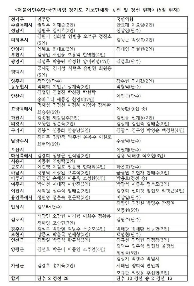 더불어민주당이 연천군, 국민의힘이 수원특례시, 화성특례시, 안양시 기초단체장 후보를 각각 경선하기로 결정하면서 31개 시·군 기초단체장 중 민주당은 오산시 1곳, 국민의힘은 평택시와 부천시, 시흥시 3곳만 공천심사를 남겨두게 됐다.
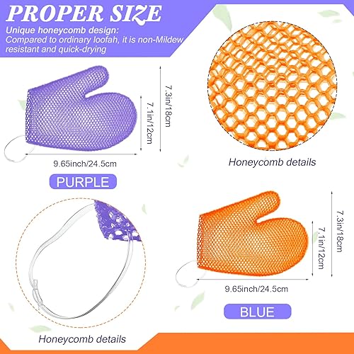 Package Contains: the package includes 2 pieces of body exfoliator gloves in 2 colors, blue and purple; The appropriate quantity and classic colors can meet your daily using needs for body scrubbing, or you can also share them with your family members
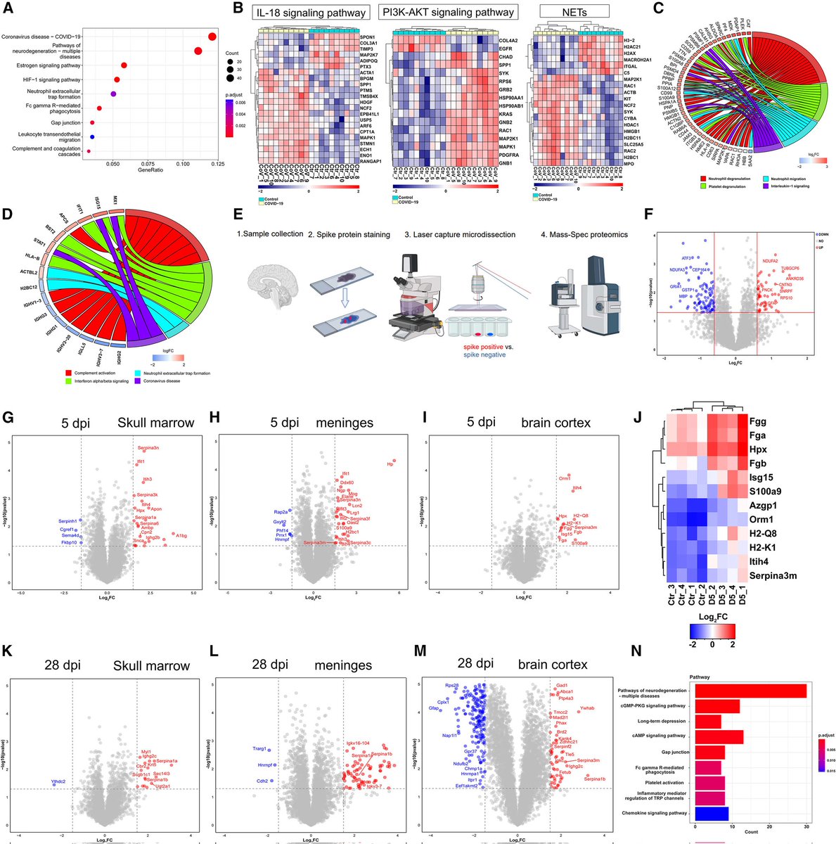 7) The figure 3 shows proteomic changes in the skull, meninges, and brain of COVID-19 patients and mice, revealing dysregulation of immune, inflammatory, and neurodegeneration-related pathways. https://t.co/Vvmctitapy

Your goal: Reproduce, word for word, every line from the one that contains "Package Contains: the" to the end of the data, including both ends; omit all pictures.

Your solution:
 Package Contains: the package includes 2 pieces of body exfoliator gloves in 2 colors, blue and purple; The appropriate quantity and classic colors can meet your daily using needs for body scrubbing, or you can also share them with your family members
 7) The figure 3 shows proteomic changes in the skull, meninges, and brain of COVID-19 patients and mice, revealing dysregulation of immune, inflammatory, and neurodegeneration-related pathways. https://t.co/Vvmctitapy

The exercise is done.